(Records from a collection)
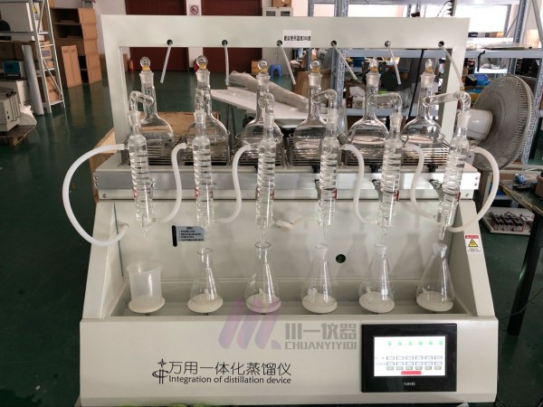 川一仪器系列CYZL-6全自动一体化蒸馏仪是根据实验室蒸馏预处理操作规程,集恒温加热、蒸馏终点自动控制、冷却水循环于一体的智能蒸馏处理装置。该仪器广泛适用于环保、疾控、水产、供排水、高校、科研院所、厂矿企业等各类化学实验室需要蒸馏处理的场所,如挥发酚、氨氮、凯氏氮油中水分等项目的蒸馏处理;食品检测领域中的二氧化硫残留量以及甲醛、酒精度等的蒸馏操作。
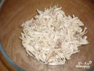 2. Если ссылаться на оригинал рецепта, то мясо должно быть сырое. Не все готовы на такие риски и эксперименты, а значит, рецепт можно немного адаптировать. Куриную грудку отварить до готовности и хорошо остудить. Нарезать тонкими полосками и выложить в глубокую миску.
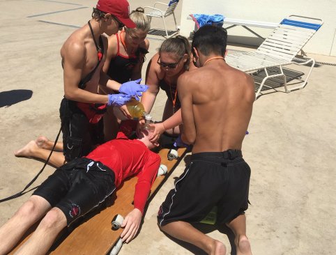 For homework, students present a safety topic during a staff training at their home pool and run an emergency action plan scenario to practice leading other lifeguards and providing feedback.
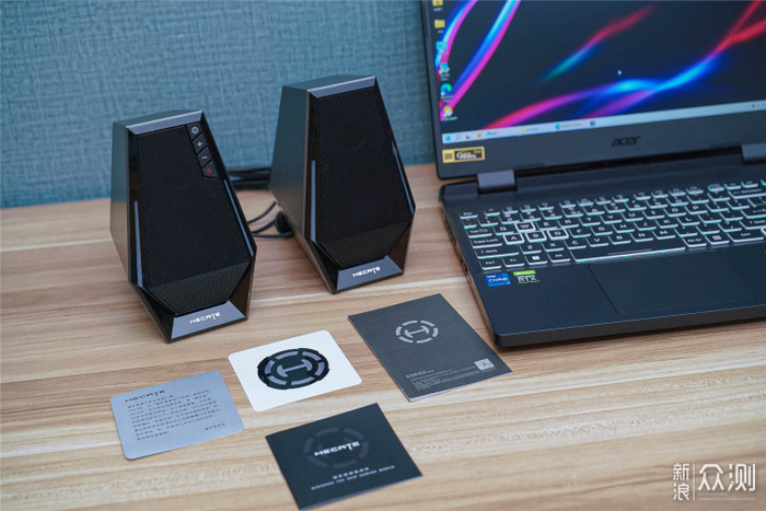 音箱内置2.5英寸全频单元大喇叭,每个单元5W,最高10W的峰值功率,音量恰到好处,有一定的“脱箱感”,不像某些音箱外放声音过大造成桌面共振影响使用体验。
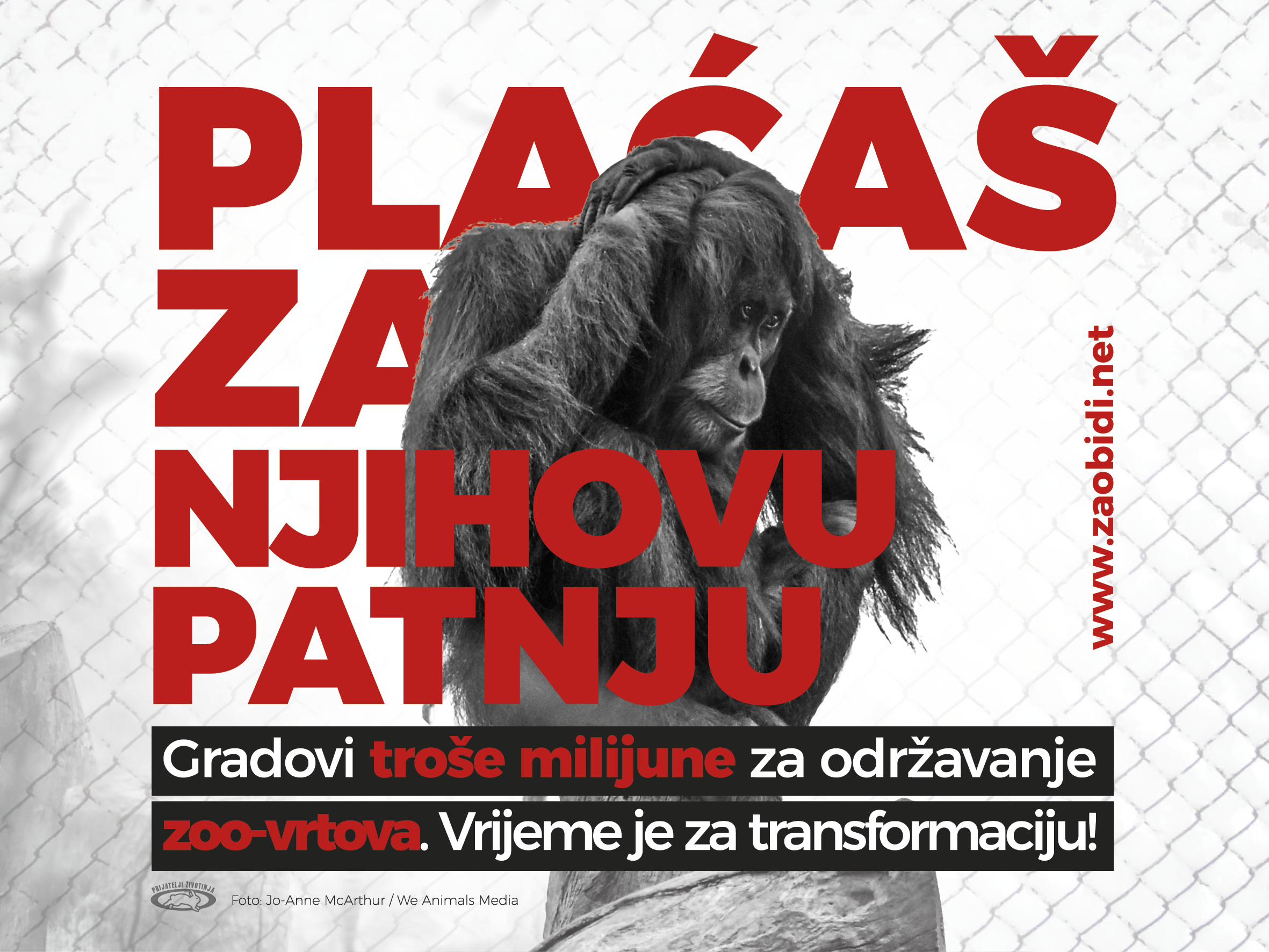 Prošle godine udruga Prijatelji životinja poručivala je građanima s plakata da zaobiđu zoološke vrtove. „Plaćaš za njihovu patnju. Gradovi troše milijune za održavanje zoo-vrtova. Vrijeme je za transformaciju.” - poruka je na novim plakatima Prijatelja životinja koji će osvanuti u Zagrebu, Osijeku, Varaždinu, Rijeci, Splitu, Puli i drugim gradovima. Njome informiraju građane da plaćaju za patnju nevinih zatočenika, čak i ako ne posjećuju zoološke vrtove, čega većina nije svjesna!
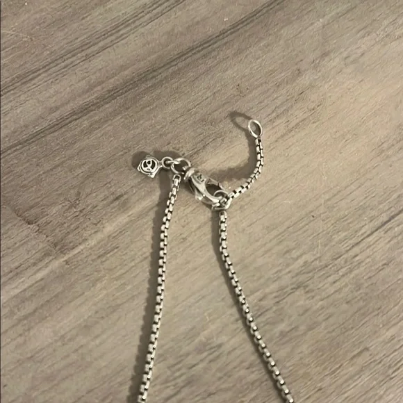 Stylish silver chain necklace by David Yurman. Features a minimalist design with a delicate chain.
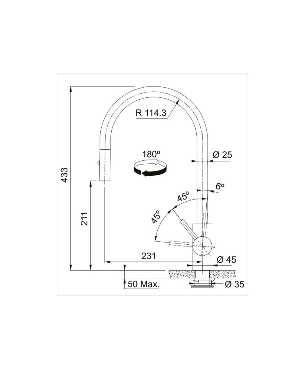 Mitigeur d'évier avec : poignée mousseur sur flexible bec mobile : 180° hauteur : 433 mm - saillie : 231 mm raccordement par flexibles
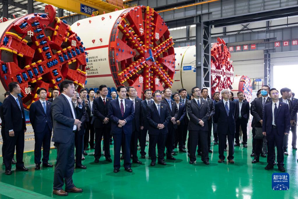 4月2日,在湖南省长沙市,马英九先生一行走进铁建重工的车间。新华社记者 陈键兴 摄
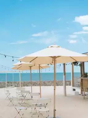 The cafe is located by the sea in Cha-am, Hua Hin 🏝 The atmosphere here is great. You can look out the window and see the beautiful sea. Sit and enjoy the sea breeze to refresh yourself. There are plenty of photo spots here, as well as food, drinks and bakery services.
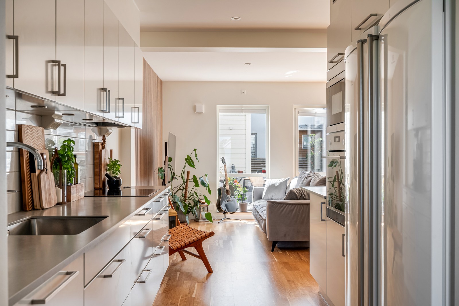 Bostaden är fördelad på två plan och erbjuder en funktionell planlösning som gör vardagen smidig. På markplan möts du av ett modernt kök med öppen kontakt mot vardagsrummet – en naturlig samlingspunkt för familj och vänner. Härifrån når du uteplatsen och den lättskötta trädgården, perfekt för både odling, lek och avkoppling. Entréplan rymmer även praktiska inslag såsom gott om förvaring, badrum, tvättstuga och en flexibel yta som passar utmärkt som hemmakontor. En trappa upp finns tre rymliga sovrum, ett allrum med plats för både mysiga filmkvällar samt ett helkaklat badrum med badkar. Genomgående ljusa ytskikt, smakfulla materialval och välplanerade lösningar gör att hemmet känns inbjudande. Till huset hör dessutom parkeringsmöjlighet och tillgång till laddplats via föreningen.
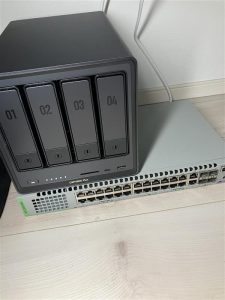 このNASは10GbEなRJ45ポートを搭載していて、L3スイッチにも10GbEポートがあるので、10G対応NICをPCに積んで高速転送とかもしたいな~~という気持ちです。
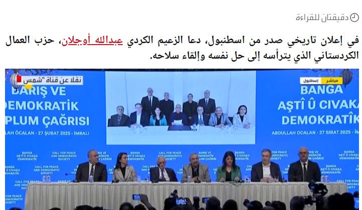 Suudi Arabistan haber ajansı Al Arabiya "Öcalan İstanbul'dan yaptığı tarihi açıklamada PKK'yı dağıtıp silah bırakmaya çağırdı" dedi.
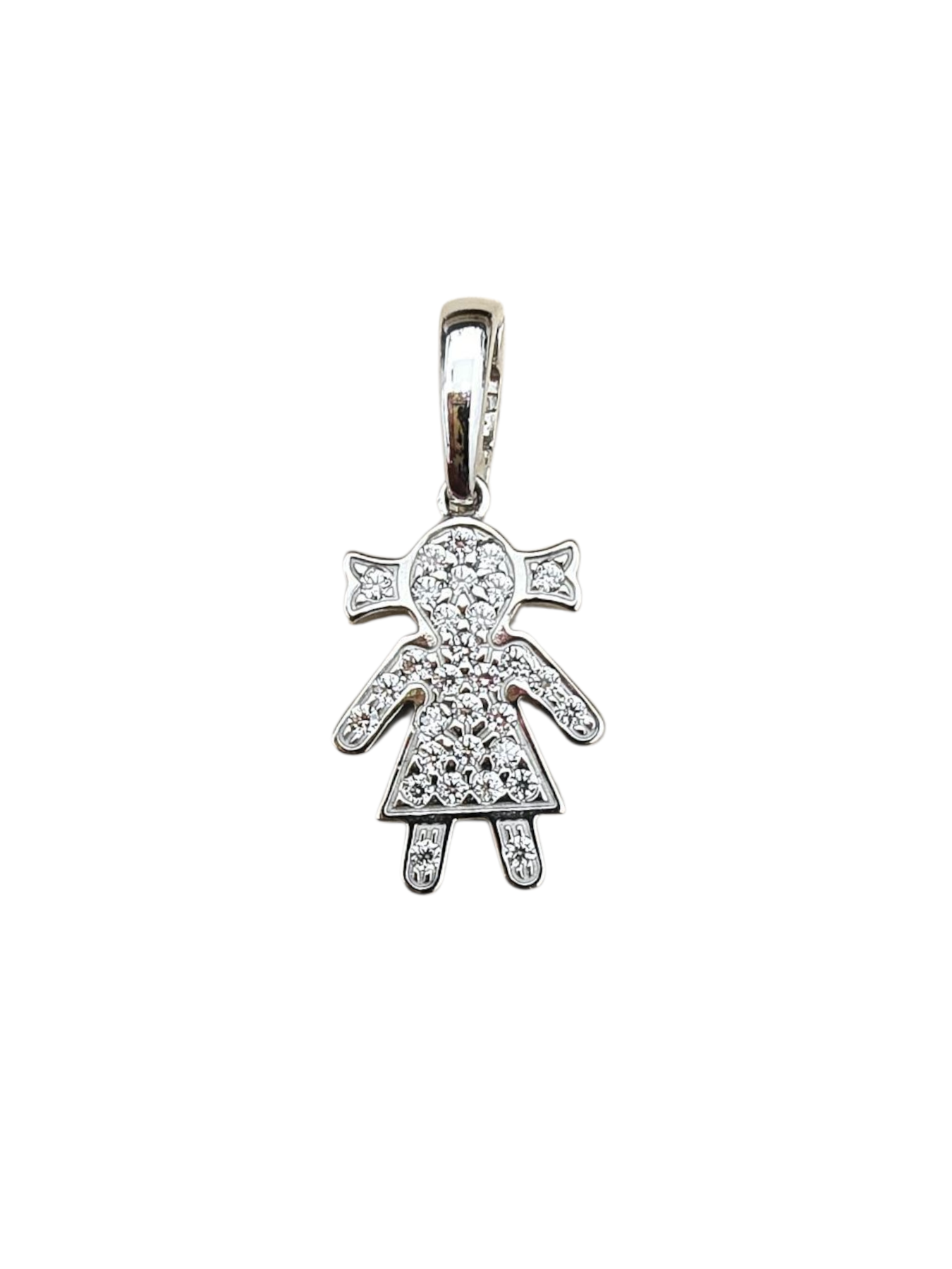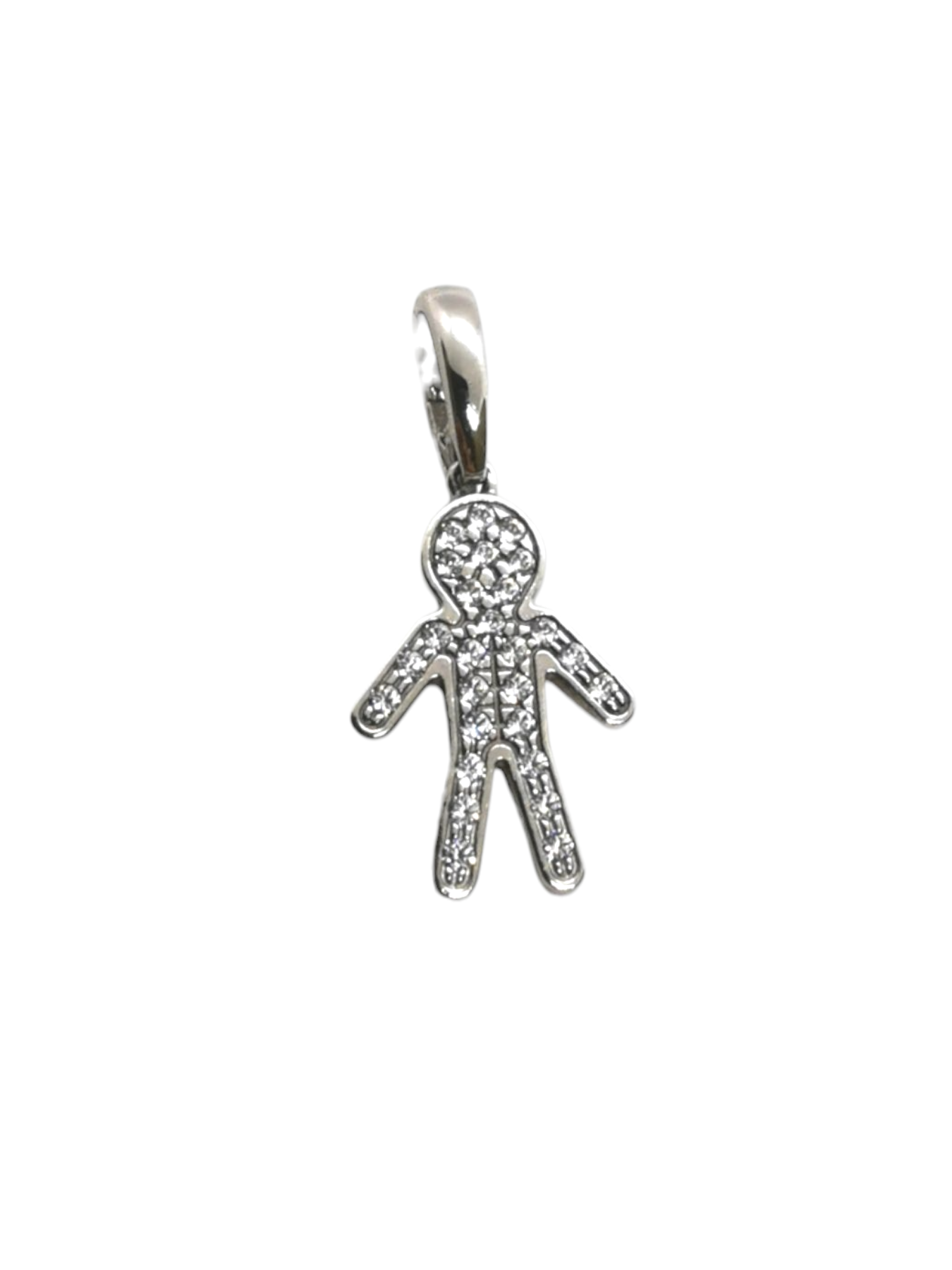 Ciondolo con contromaglia apribile realizzato in oro bianco 18kt e arricchito da zirconi incastonati a mano.

▶ Exercise details: Give back the records exactly, minus any pictures.

▶ Solved exercise:
 川一仪器系列CYZL-6全自动一体化蒸馏仪是根据实验室蒸馏预处理操作规程,集恒温加热、蒸馏终点自动控制、冷却水循环于一体的智能蒸馏处理装置。该仪器广泛适用于环保、疾控、水产、供排水、高校、科研院所、厂矿企业等各类化学实验室需要蒸馏处理的场所,如挥发酚、氨氮、凯氏氮油中水分等项目的蒸馏处理;食品检测领域中的二氧化硫残留量以及甲醛、酒精度等的蒸馏操作。
 2. Если ссылаться на оригинал рецепта, то мясо должно быть сырое. Не все готовы на такие риски и эксперименты, а значит, рецепт можно немного адаптировать. Куриную грудку отварить до готовности и хорошо остудить. Нарезать тонкими полосками и выложить в глубокую миску.
 For homework, students present a safety topic during a staff training at their home pool and run an emergency action plan scenario to practice leading other lifeguards and providing feedback.
 音箱内置2.5英寸全频单元大喇叭,每个单元5W,最高10W的峰值功率,音量恰到好处,有一定的“脱箱感”,不像某些音箱外放声音过大造成桌面共振影响使用体验。
 Prošle godine udruga Prijatelji životinja poručivala je građanima s plakata da zaobiđu zoološke vrtove. „Plaćaš za njihovu patnju. Gradovi troše milijune za održavanje zoo-vrtova. Vrijeme je za transformaciju.” - poruka je na novim plakatima Prijatelja životinja koji će osvanuti u Zagrebu, Osijeku, Varaždinu, Rijeci, Splitu, Puli i drugim gradovima. Njome informiraju građane da plaćaju za patnju nevinih zatočenika, čak i ako ne posjećuju zoološke vrtove, čega većina nije svjesna!
 Stylish silver chain necklace by David Yurman. Features a minimalist design with a delicate chain.
 Mitigeur d'évier avec : poignée mousseur sur flexible bec mobile : 180° hauteur : 433 mm - saillie : 231 mm raccordement par flexibles
 4月2日,在湖南省长沙市,马英九先生一行走进铁建重工的车间。新华社记者 陈键兴 摄
 The cafe is located by the sea in Cha-am, Hua Hin 🏝 The atmosphere here is great. You can look out the window and see the beautiful sea. Sit and enjoy the sea breeze to refresh yourself. There are plenty of photo spots here, as well as food, drinks and bakery services.
 Bostaden är fördelad på två plan och erbjuder en funktionell planlösning som gör vardagen smidig. På markplan möts du av ett modernt kök med öppen kontakt mot vardagsrummet – en naturlig samlingspunkt för familj och vänner. Härifrån når du uteplatsen och den lättskötta trädgården, perfekt för både odling, lek och avkoppling. Entréplan rymmer även praktiska inslag såsom gott om förvaring, badrum, tvättstuga och en flexibel yta som passar utmärkt som hemmakontor. En trappa upp finns tre rymliga sovrum, ett allrum med plats för både mysiga filmkvällar samt ett helkaklat badrum med badkar. Genomgående ljusa ytskikt, smakfulla materialval och välplanerade lösningar gör att hemmet känns inbjudande. Till huset hör dessutom parkeringsmöjlighet och tillgång till laddplats via föreningen.
 このNASは10GbEなRJ45ポートを搭載していて、L3スイッチにも10GbEポートがあるので、10G対応NICをPCに積んで高速転送とかもしたいな~~という気持ちです。
 Suudi Arabistan haber ajansı Al Arabiya "Öcalan İstanbul'dan yaptığı tarihi açıklamada PKK'yı dağıtıp silah bırakmaya çağırdı" dedi.
 Ciondolo con contromaglia apribile realizzato in oro bianco 18kt e arricchito da zirconi incastonati a mano.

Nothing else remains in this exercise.